On Thursday, five days ago, Chelsea King, a 17-year-old girl went missing in my community. Thousands of volunteers searched for her in the remote area where she liked to run on the winding hiking trails. Today her body was discovered in a shallow grave and a suspect, a registered child molester, was taken into custody.
By all accounts this pretty high school girl was popular, athletic, intelligent, motivated, and a talented musician who came from a loving home.
The suspect, in his 30 worthless years of life, accomplished nothing but bringing misery, pain, and ultimately death to others. Chelsea, his last victim, although very young, was already a highly respected and valuable member of society, everything he isn’t.
Her family, of course, is experiencing a devastating lifelong sadness I cannot even begin to imagine, a desperate aching that will, unfortunately, never completely heal.
On a secondary level, people who never met Chelsea are hurting too. I am one. There are many reasons why the pain is so universal, each reason relating privately to every one of us in San Diego who held out hope and then ultimately hung his head and cried.
I’m not completely sure why I am so sad over this case and why I cried, and am now at this very moment, as I type, tearing up. I suppose it relates to my being the father of a daughter who just two months ago became a 13-year-old teenager and my terrible understanding that nowhere is safe.
I am fearful—I am afraid, afraid for my daughter and afraid for all the girls who exist as potential victims for nomadic and sedentary predators.
I don’t want to be afraid anymore, and I don’t want our society’s children to be afraid either. Our prisons are full of nonviolent drug offenders serving full sentences while violent offenders are copping pleas and being given reduced sentences.
When is enough, enough? How many more children have to die until someone says, “This has to stop”? I don’t want this to remain, as it has for too long, just a rhetorical question that will soon be forgotten.
I have been closely watching the local, as well as the national, news broadcasts relating to the Chelsea King case since it first began airing. When Chelsea first went missing, thousands of people throughout the county volunteered their time to search for her and to staple up and hand out fliers that declared her disappearance, which only speaks volumes about Chelsea, her family, our city, and the volunteers themselves.
After Chelsea’s body was discovered, thousands of mourners gathered at a Poway church to participate in a candlelight procession to honor her short but meaningful life.
Chelsea’s mother, Kelly, and her father, Brent, with great sadness and with greater courage and quiet compassion, have spoken to the media. They are wonderful people. I have never met them, but their noble resolve to see justice done throughout this agonizing ordeal is nothing less than admirable.
If this had happened to my daughter, I know I would not be able to hold it together. I would either be a blubbering basket case or a single-minded revenge-seeking maniac. After what Mr. and Mrs. King have already been through and knowing what they still must endure, these two human beings have managed to maintain intrinsic grace and absolute dignity amid the eclipsing haze and shadows of utter sorrow. I have nothing but respect for them … and sometimes I feel a strange and awkward sense of guilt that I can do nothing to mend their broken hearts.

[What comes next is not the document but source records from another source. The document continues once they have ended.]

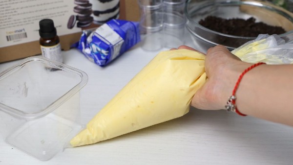 - Cắt đầu túi bắt bông kem và cho kem trên phần bánh Oreo, các bạn sẽ lặp đi lặp lại quá trình trên đến khi bánh đầy hộp nhựa. Với hộp nhựa chúng mình gợi ý bạn có thể làm được 2 lớp mỗi lớp cơ bản có bánh Oreo, syrup cà phê, kem tiramisu. Sau khi xong bánh, các bạn sẽ chuyển qua phần trang trí bánh nhé!
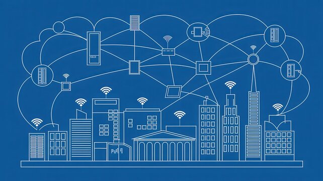 Modern city skyline with connected network of devices representing IoT connectivity solutions and smart urban technology, vibrant blue background
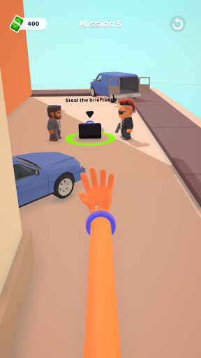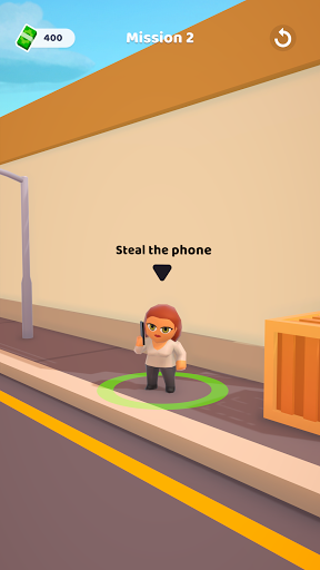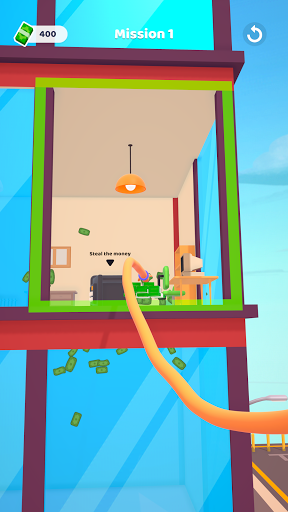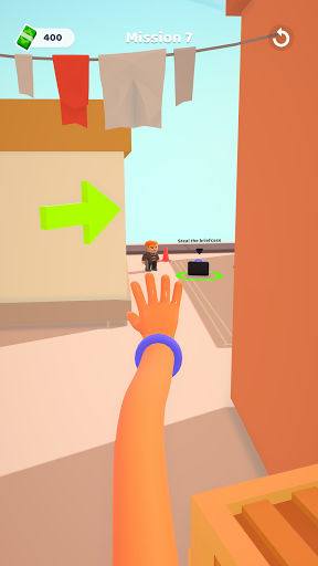 Enter the room by extending your arm and catch the signed object so that you can steal it. In the meantime, don't touch the other people in the street so that they don’t become aware of you. As you level up, you’ll experience more obstacles and valuable items.
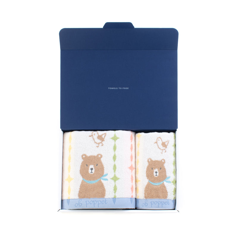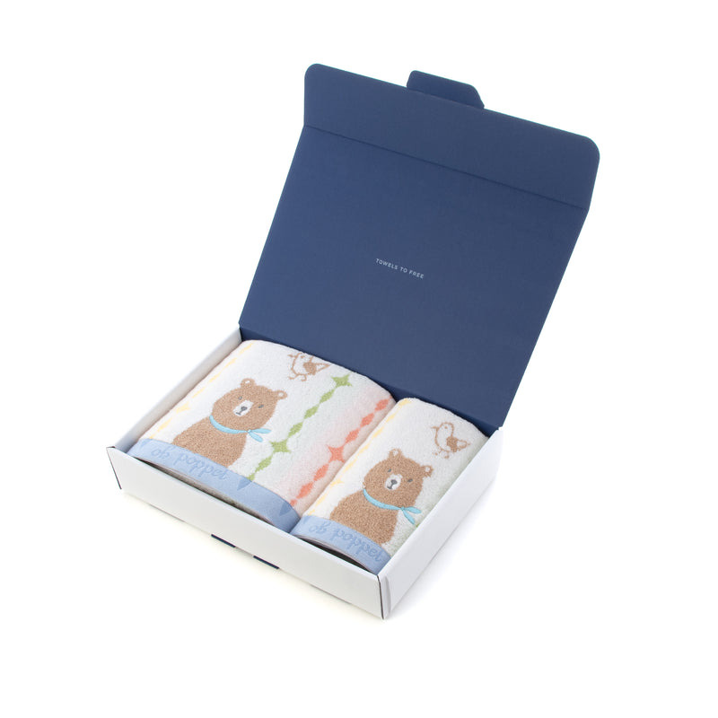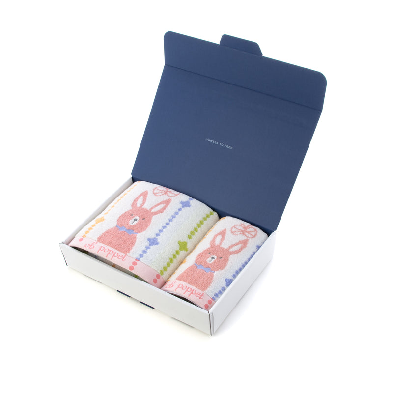 ハートウエルボックス入り-ポペット2-クマ-ネコ-ウサギ-バスタオル-フェイスタオル

Chelsea and her mother, they look so much alike. One young, one mature. To look into one’s face was to look into the other’s; both of them created in an artist’s studio by loving hands, mirrored poetry separated only by time. It must have been comforting for Chelsea to know that as she aged, the beauty of her soul would always be matched by the beauty of her lineage. The unfairness of it all is almost tangible.
Chelsea, possessed all the tools and gifts that ensured her a successful and significant life. She was a young woman who was needed, who had so much to offer, and whose time and companionship was vastly important here on Earth. Her absence is nothing less than a travesty.
And as winds whipped up distant storms brewing on the restless sea, Chelsea went about her life doing average teenage girl things and thinking average teenage girl thoughts: I hope I ace that test tomorrow. I wonder what I should wear to prom, and, What is up with my friends, anyway? Just another day in the life of a young woman until the injustice of modern society was realized. A victim among the strewn and collapsed ruins of future dreams.
But I don’t want to believe that nothing good will arise from Chelsea’s death. Awareness, stiffer laws, longer sentences, something good must come from it. Something.
Goodbye for now, Chelsea, but not forever, true Daughter and Angel of two, and adopted daughter of many, who represents to me, and perhaps to others, the essence of what is good in life, the good that can never die: love, happiness, the moon, the sea, the timeless and returning light of the evening star, and hope.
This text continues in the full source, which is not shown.